Saved entries:
#####

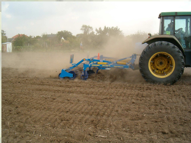
1. ábra: 28 cm munkamélység napraforgó tarlóban

Az első műveleteket egy tarlókántott napraforgó táblán végezte a gép. A rendkívüli szárazság ellenére a kések magabiztosan húzták be a kiválasztott mélységbe a művelőelemeket. A száraz talajt a gép intenzíven lazította és keverte, az ilyenkor általában tapasztalható erős rögzépződés nélkül. A talajfelszínen itt-ott előbukkanó öklömnyi hant sejtette, hogy micsoda szárazság uralkodhat a munkamélységben. Nyilván ennek a korrekt műveleti képességnek az extrém száraz körülmények között nemcsak a gép kiválósága, hanem a talaj szakszerű agrotechnikai előlétele és az időben elvégzett tarlókántás is a záloga volt. (1. ábra)
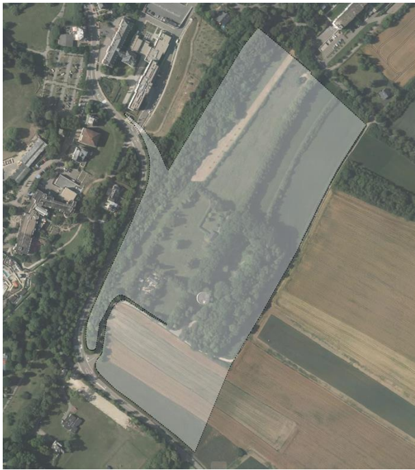
SCHÉMA DIRECTEUR M-NQ5 ZAD – Am Klengen Park
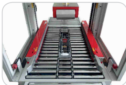
Abb.: KPM-105SDR autom. Kartonjustierung
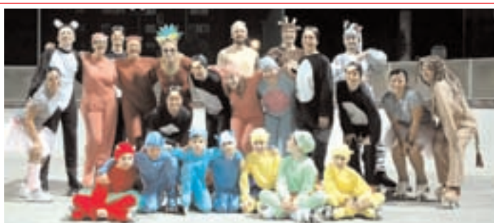
Gruppo Adulti Bradipi a Rotelle in "Madagascar"
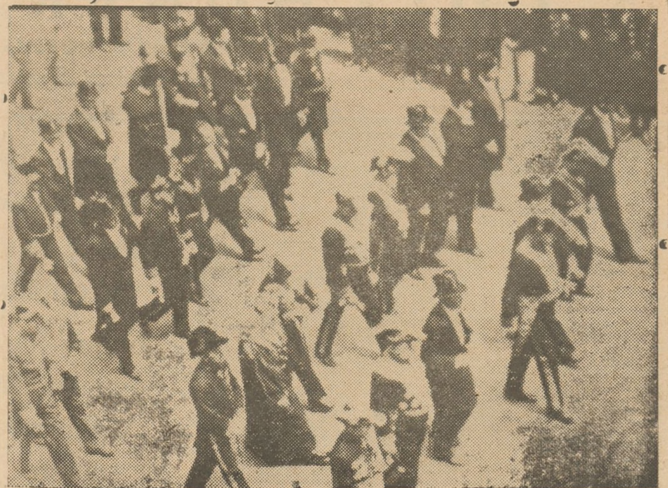
En las ceremonias propias del rito oriental y revistiendo gran pompa ha tenido lugar en El Cairo el acto de dar sepultura al cadáver del rey Fuad. En el fúnebre cortejo figuraban representaciones diplomáticas de numerosos países.

#####

Task statement
Each line from the one containing "SCHÉMA DIRECTEUR M-NQ5 ZAD – Am Klengen Park" through the last line above should be retyped exactly, and no other line. Any picture is to be left out.

Reply
SCHÉMA DIRECTEUR M-NQ5 ZAD – Am Klengen Park
Abb.: KPM-105SDR autom. Kartonjustierung
Gruppo Adulti Bradipi a Rotelle in "Madagascar"
En las ceremonias propias del rito oriental y revistiendo gran pompa ha tenido lugar en El Cairo el acto de dar sepultura al cadáver del rey Fuad. En el fúnebre cortejo figuraban representaciones diplomáticas de numerosos países.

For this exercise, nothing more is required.